I keep thinking about him being put under and them working in his tiny mouth on his tiny teeth and it makes me want to cry. I don't want him to have to go through this. I know he has to, but I just can't stand the image of him in the chair while they work on his teeth for an hour or more. My poor baby. His appointment is early next Wednesday morning.

I will feel better if I have a 2nd ped. dentist look. This place does things differently than the first as well. They will do an exam and the x-rays in office so they can give me a better idea of what will need to be done. The other place was basically going to just put him under, then do the x-rays and do whatever needs to be done all in one shot. I guess I just feel better if he gets this out of the way rather than adding to the time he has to be put under while they do x-rays as well.

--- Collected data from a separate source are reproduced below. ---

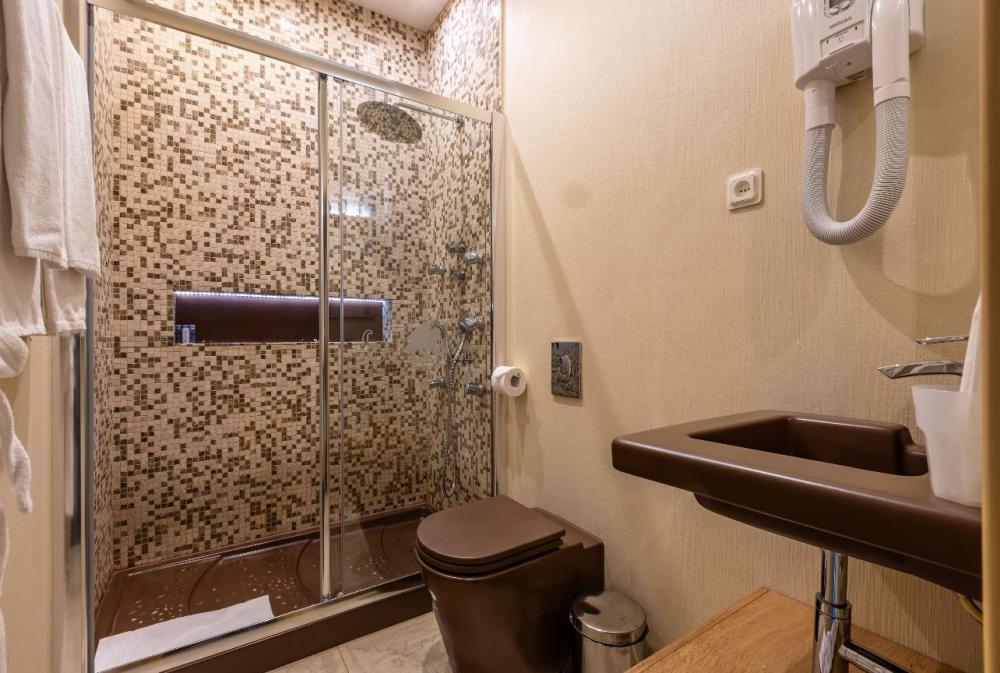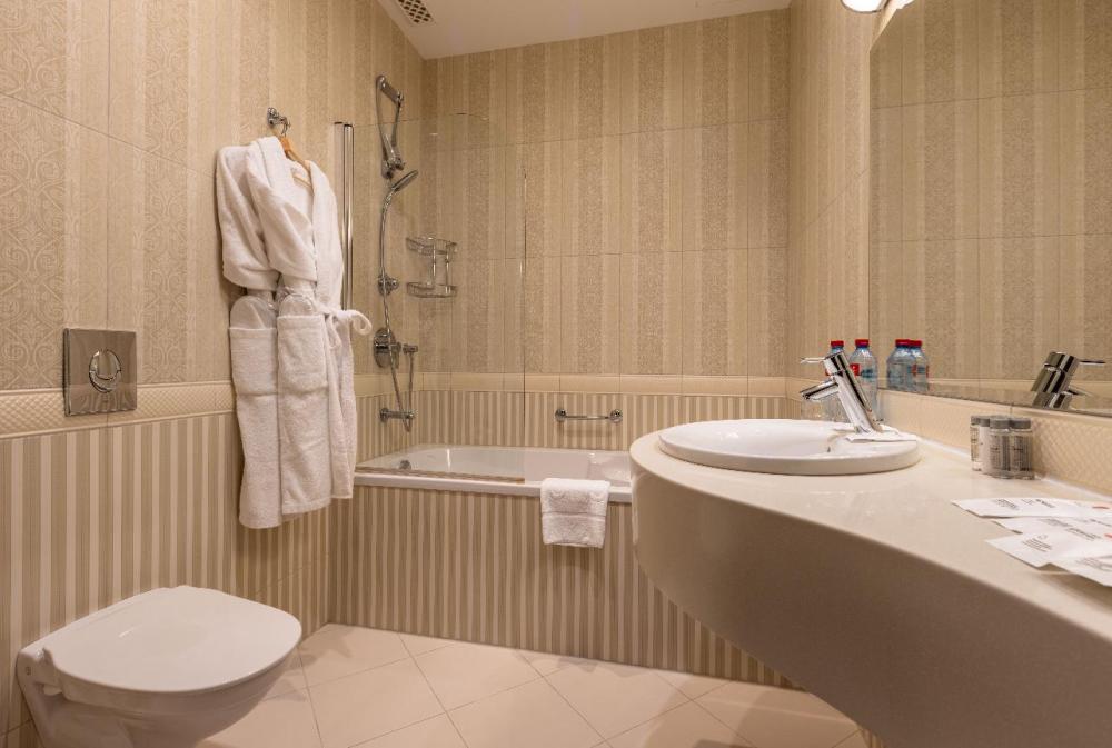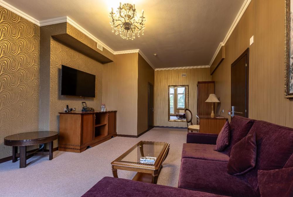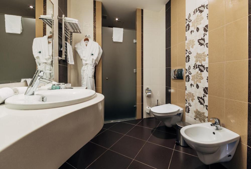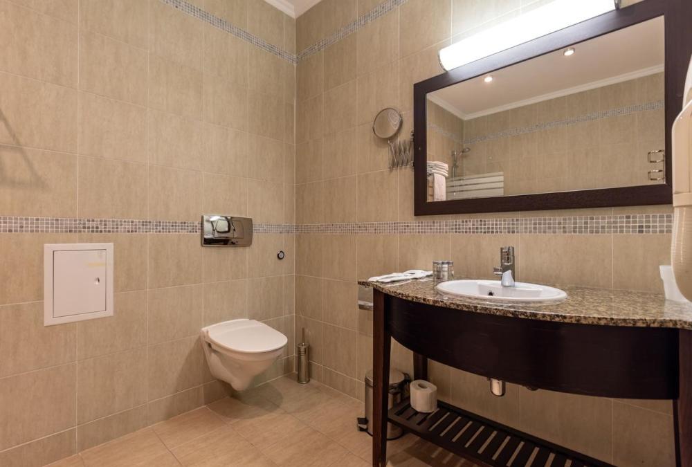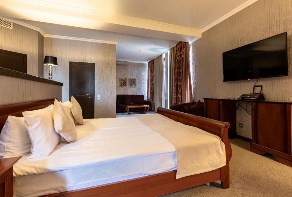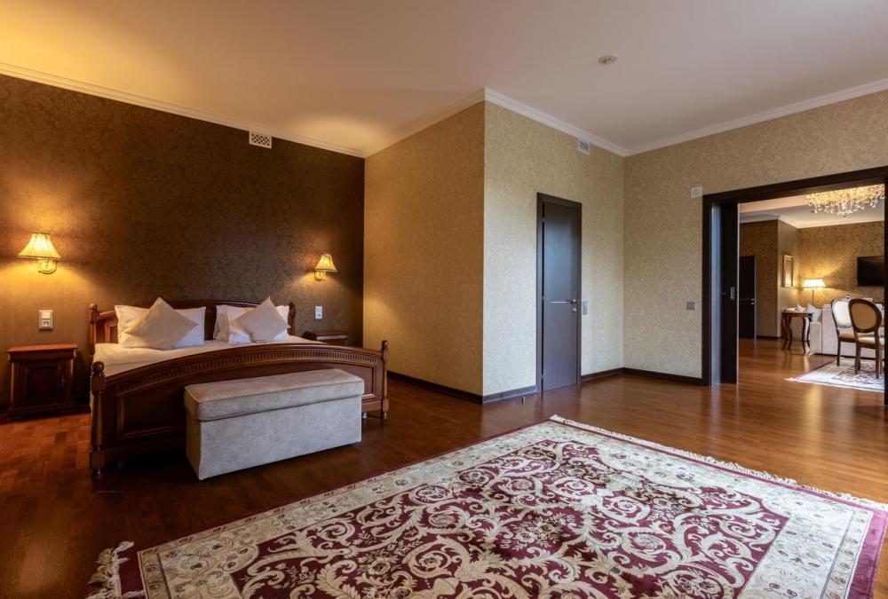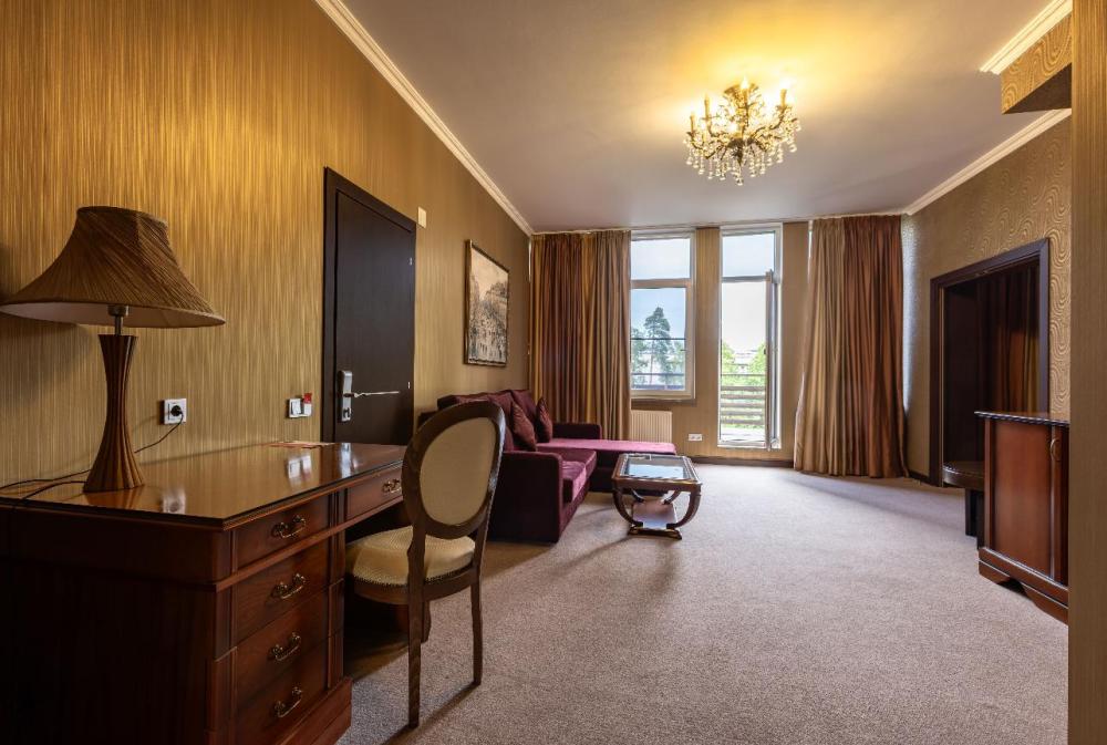 Отдохните от городской суеты, наслаждаясь красотой природы и свежим воздухом на собственной меблированной террасе просторного номера Элеганс. Большая двуспальная кровать king-size с ортопедическим матрасом подарит вам безмятежный сон, удобный письменный стол позволит уделить время делам, а мягкое кресло с журнальным столиком – приятно провести время с книгой и чашечкой кофе. Посещение бассейна, хаммама, финской сауны входит в стоимость.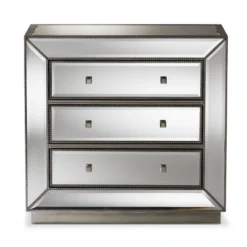 Elgin Brushed Wood And Mirrored Glass 1 Drawer Console Table Silver/Mirror – Baxton Studio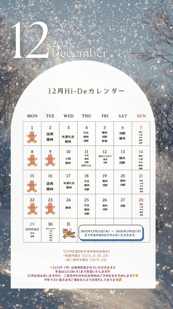 【12月定休日🎄】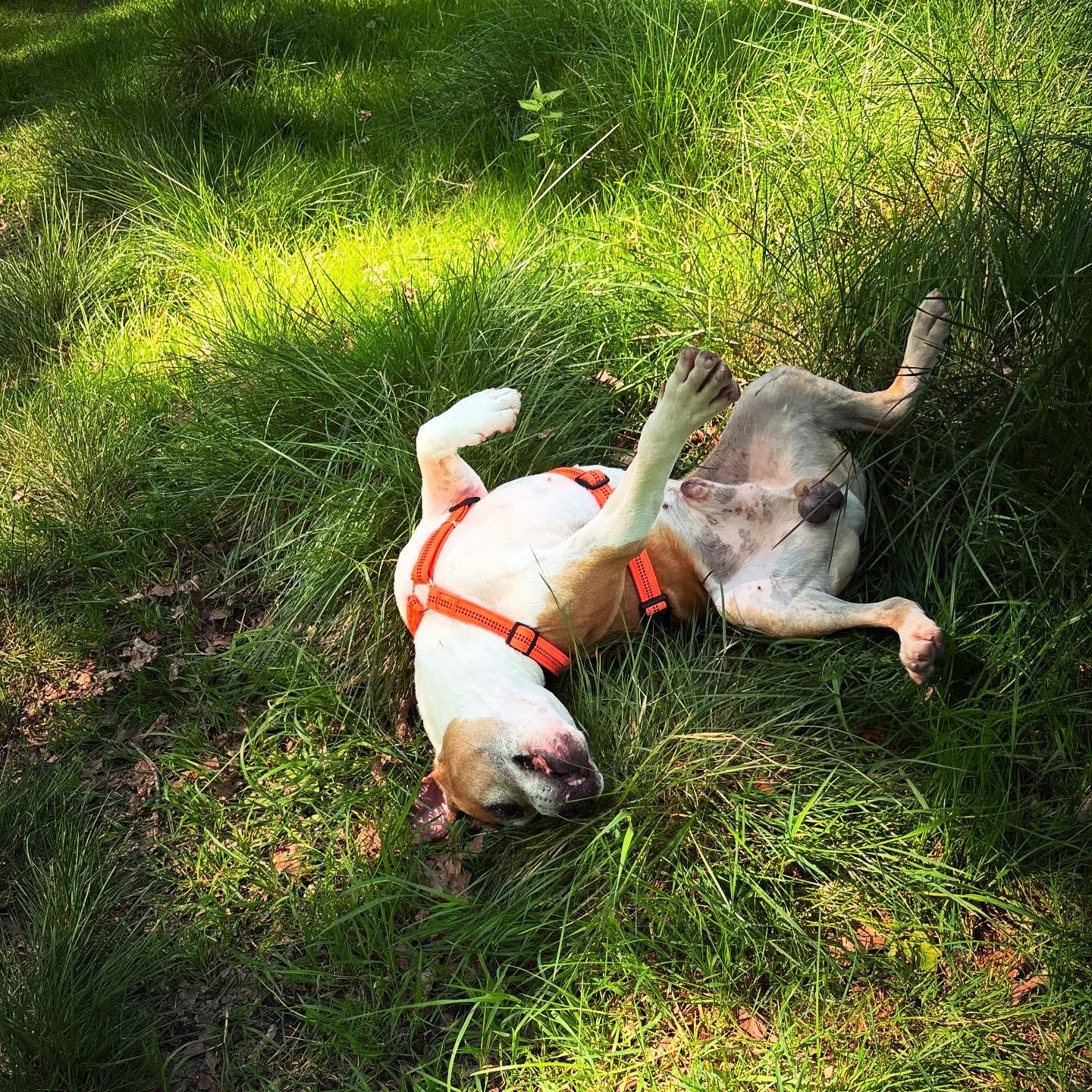 More open space, particularly grassland and long grass, or water…any water… and that picture starts to look a whole lot crazier and more active. He still gets to do that, these behaviours are important too and his behavioural health matters as well.
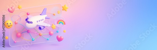 © Who is Danny, Fototapeta premium Colorful airplane with happy elements and rainbow on pastel background with copy space for travel poster, banner, or design template. Ai generative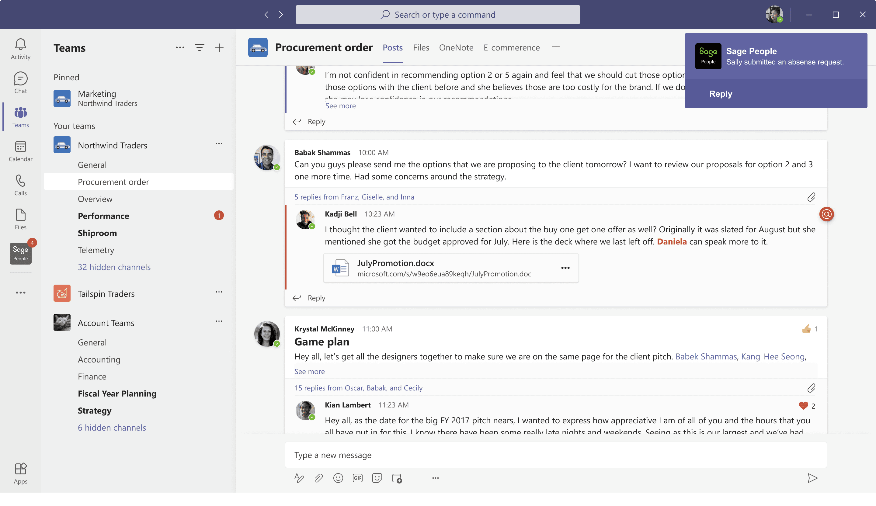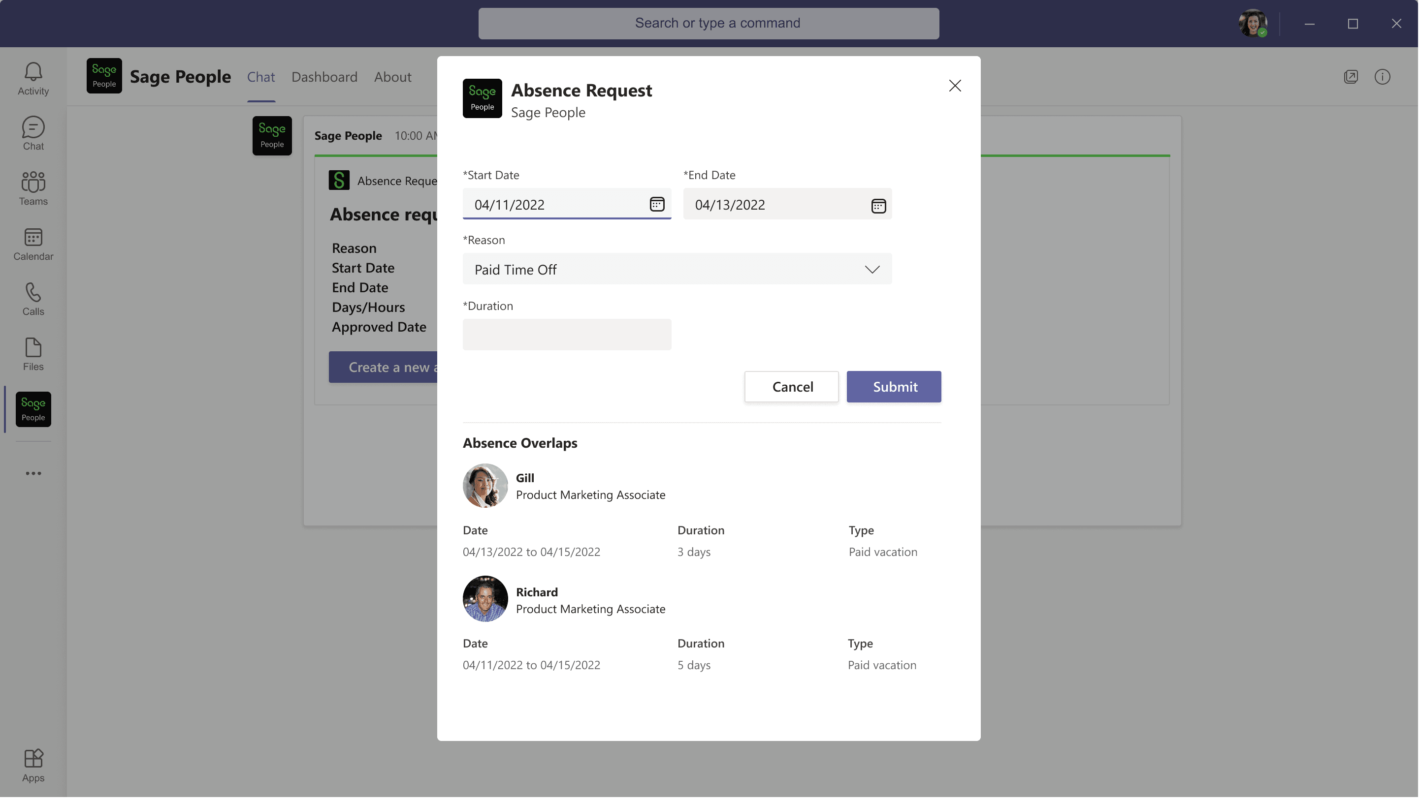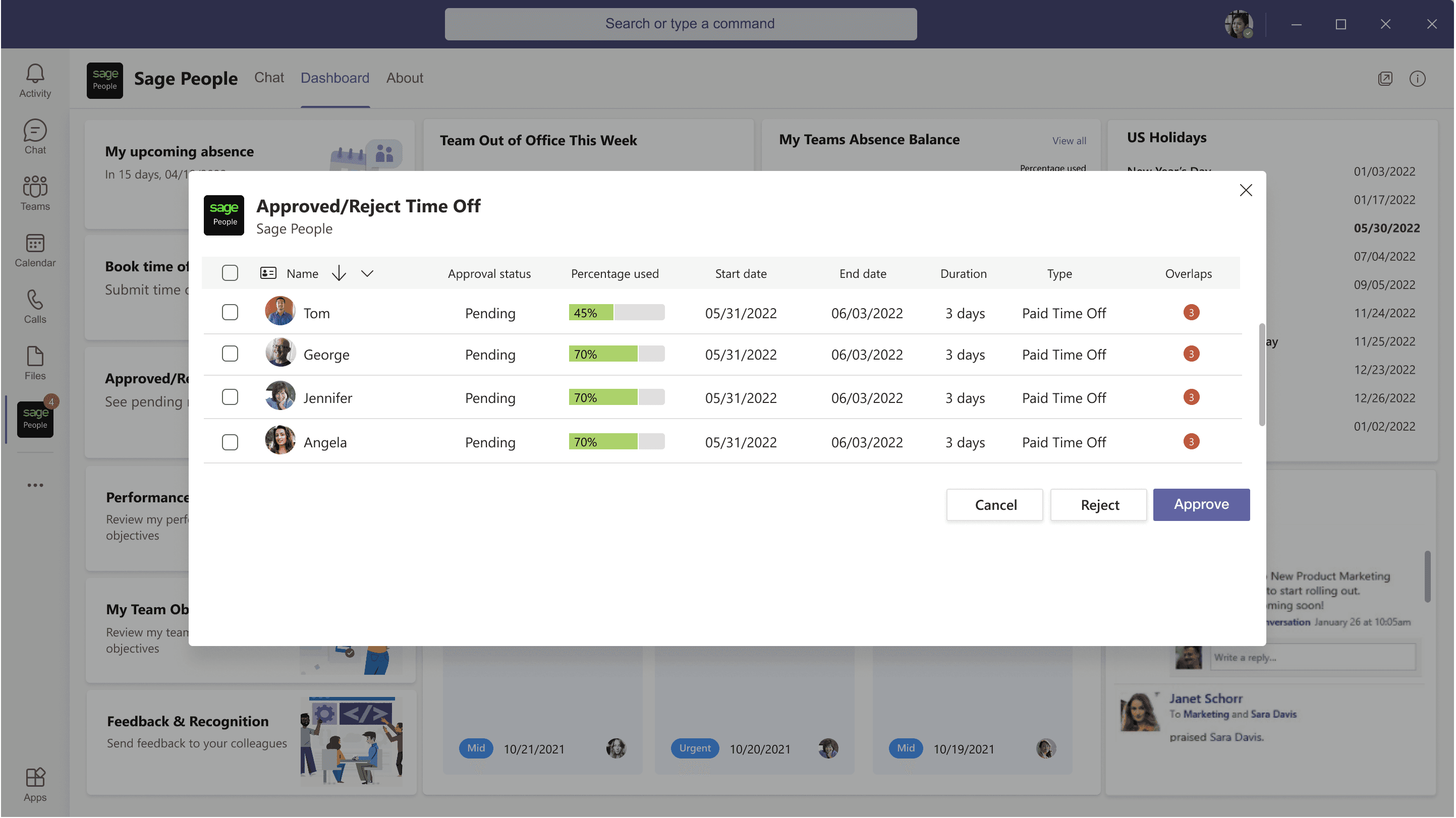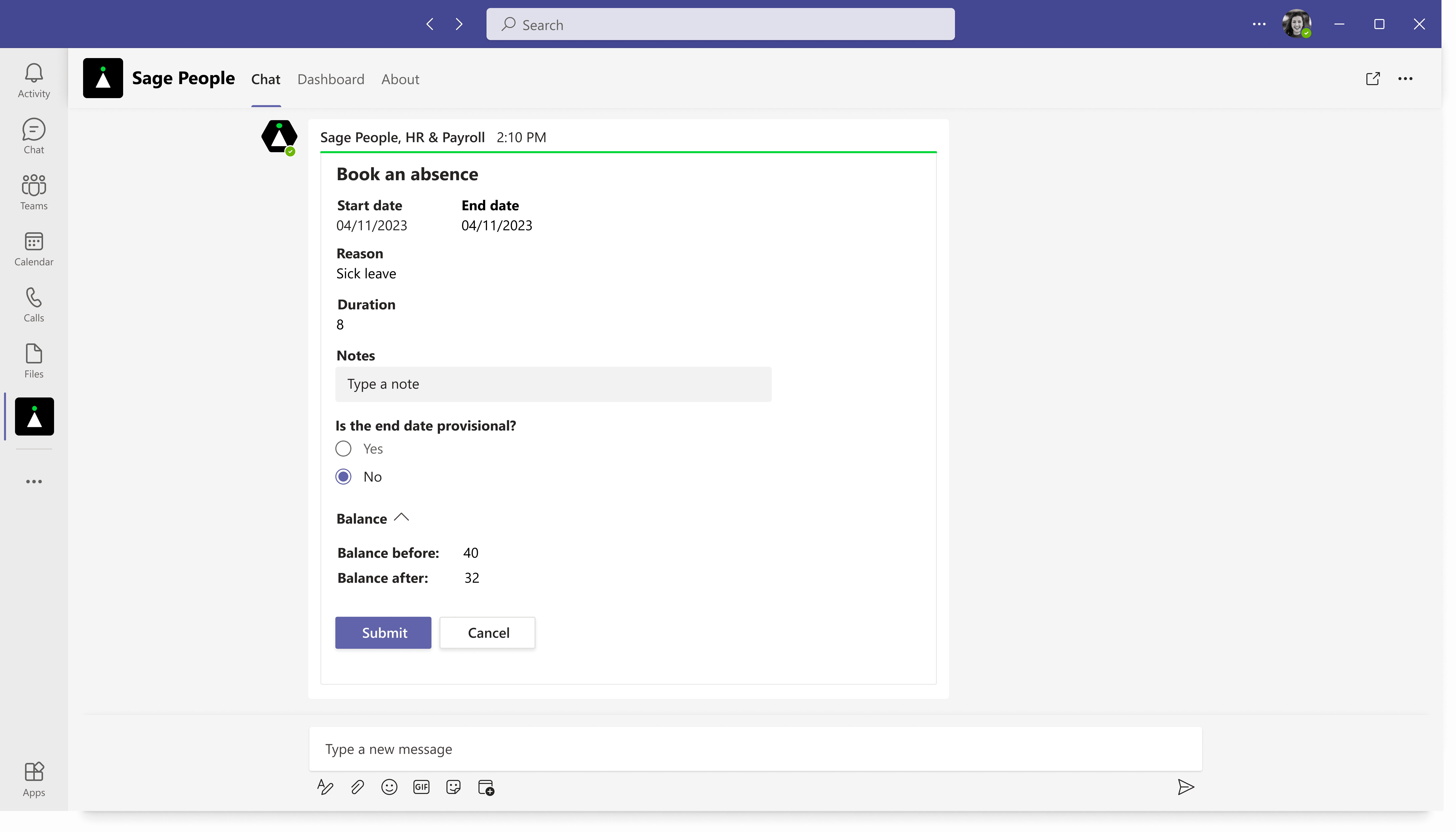 Employees can request time off through a conversational experience in Microsoft Teams, view leave balances, and receive instant notifications when requests are approved or declined. Managers can review and approve requests directly within Teams. They will not miss any time off request via emails, having to logins to Sage People , no follow-ups.

What do I know? I'm new at this. My girls never had dental issues. As a matter of fact, Hollywood has never had a filling in her life. And MK only had a couple when she was much older. Lil Bro is so little and I HATE the idea of putting him under. I know it is better for him and them to do it that way, but still. He's my baby.

2 comments:

  1. I think its a good idea to get a second opinion. However, one thing to consider - I did not put Holly under and tried to get her dental work done in the dentist office. They gave her a sedative and gas and she still fought them so hard - they had to put her on a papoose board (look it up). It BROKE my heart to hear her crying out for me and I could do nothing. I have to wonder if putting her under would have been better... Its so hard to know what to do.... Good luck with making decisions about it.